I'd suggest adding more details on the background of this change to the commit log (point to the comment in the isBetterOverloadCandidate ?) and outline the intention to enable the new way to do overloading after some soak time.

Also, naming. -ffix-overload-resolution is rather non-specific. I didn't mean to use it literally. The problem is that I can't think of a good descriptive name for what we do here. -fgpu-fix-wrong-side-overloads ? Something else?

clang/lib/Sema/SemaOverload.cpp
9621

The comment uses device/host for both function attributes and when it refers to the compilation phase. It would help to make it more readable if function attributes would be distinct from compilation phase. E.g. by using __host__ __device__ or HD.

yaxunl marked 2 inline comments as done.Dec 2 2020, 8:27 AM
In D80450#2426507, @tra wrote:

LGTM.

I'd suggest adding more details on the background of this change to the commit log (point to the comment in the isBetterOverloadCandidate ?) and outline the intention to enable the new way to do overloading after some soak time.

Will do.

Also, naming. -ffix-overload-resolution is rather non-specific. I didn't mean to use it literally. The problem is that I can't think of a good descriptive name for what we do here. -fgpu-fix-wrong-side-overloads ? Something else?

How about -fgpu-exclude-wrong-side-overloads? Since what this patch does is always excluding wrong side overloads whereas previously only excluding wrong side overloads if there are same side overloads.

clang/lib/Sema/SemaOverload.cpp
9621

will use H/D/HD for function attribute when committing.
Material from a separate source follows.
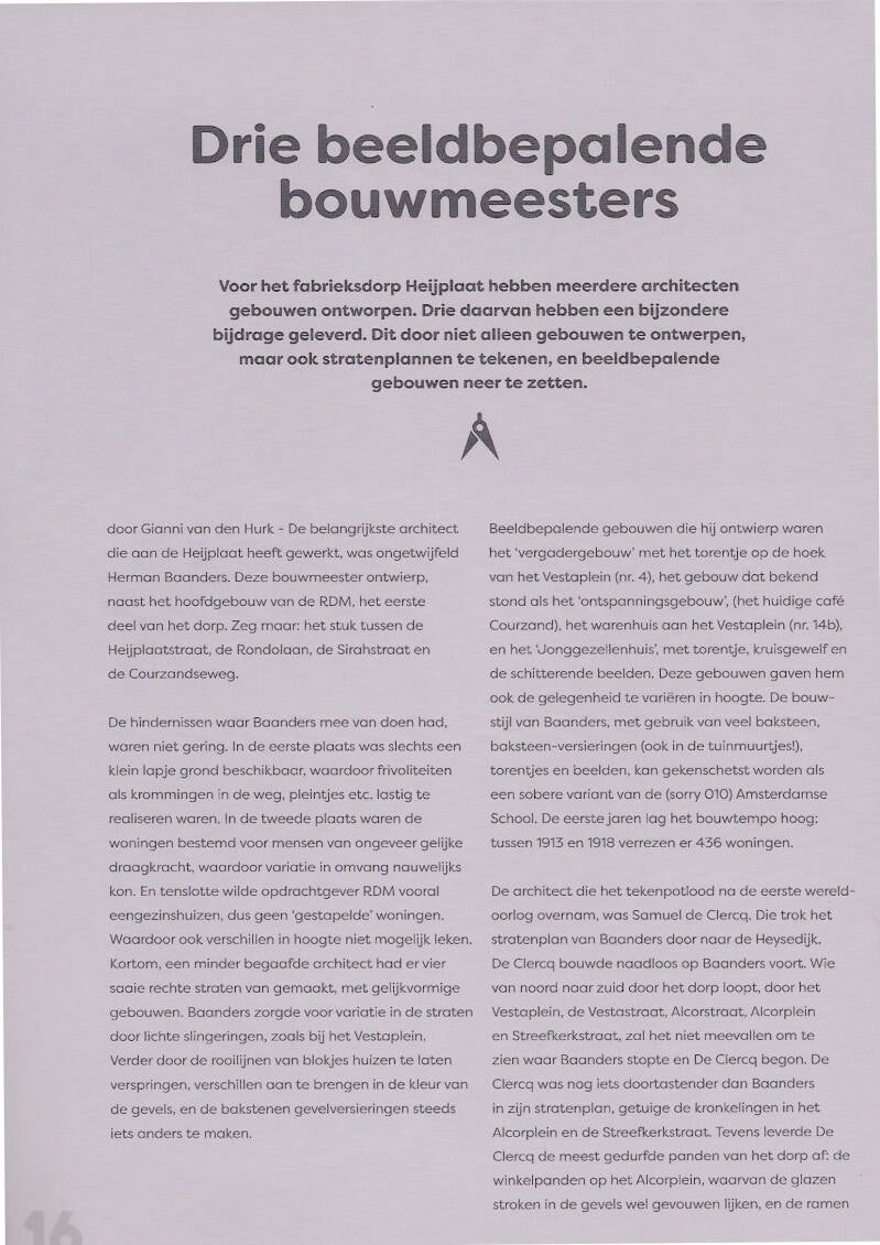 De belangrijkste architect die aan de Heijplaat heeft gewerkt, was ongetwijfeld Herman Baanders. Deze bouwmeester ontwierp, naast het hoofdgebouw van de RDM, het eerste deel van het dorp. Zeg maar: het stuk tussen de Heijplaatstraat, de Rondolaan, de Sirahstraat en de Courzandse weg.

tra added a comment.Dec 2 2020, 10:12 AM

Also, naming. -ffix-overload-resolution is rather non-specific. I didn't mean to use it literally. The problem is that I can't think of a good descriptive name for what we do here. -fgpu-fix-wrong-side-overloads ? Something else?

How about -fgpu-exclude-wrong-side-overloads? Since what this patch does is always excluding wrong side overloads whereas previously only excluding wrong side overloads if there are same side overloads.

SGTM. Maybe, also make it hidden. I don't think it's useful for the end users.

This revision was automatically updated to reflect the committed changes.
yaxunl marked an inline comment as done.